Estantes de supermercados rebosantes de alimentos de producción ecológica. Es la moda. Una moda que banaliza el propósito de estos y a la que se suman muchas personas. Dicho de otra forma, un negocio y nada más.

 

La producción ecológica, en su concepción artesanal, se hace con esmero. Esmero para afectar el mínimo posible al entorno donde se produce; esmero para conseguir un producto lo más saludable posible. Es otra forma de hacer las cosas. Una forma de hacer que, para ser coherente, va a veces más allá y cuida las relaciones entre las personas que trabajan y la relación con los consumidores: si es posible es una relación de proximidad, incluso directa. Todo ello es cuidar del entorno y del propio sistema de una forma global.

En los estantes de los supermercados suele haber poco de esto último. Solo un certificado. A veces ni siquiera eso, simplemente una palabra engañosa, colores verdes o afirmaciones no contrastables. Incluso certificados falsos o irrelevantes. Hay, en cambio, un modelo de comercialización que no cuida el entorno: su único objetivo es ganar dinero.
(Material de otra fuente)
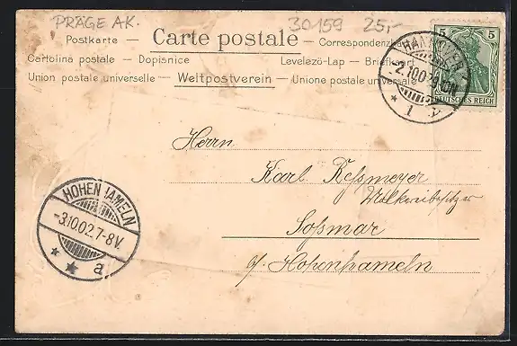 gelaufen 1902, Eckknick li. unten, guter Zustand

Es el modelo de la mayoría de supermercados: exceso de envases, explotación de trabajadores y proveedores, alimentos procesados que son cualquier cosa menos lo que se anuncia y frutas y verduras que vienen del otro extremo del planeta, por poner algunos ejemplos. Y en el campo se puede hablar, a menudo, de explotación laboral, con la única misión de conseguir un certificado. Sí, con un uso menor de pesticidas y abonos químicos. Pero sin implicación social.

Con «ecológico» no es suficiente. Incluso, en algunos casos, creo que ni siquiera es mejor. Pero eso ya es otro tema.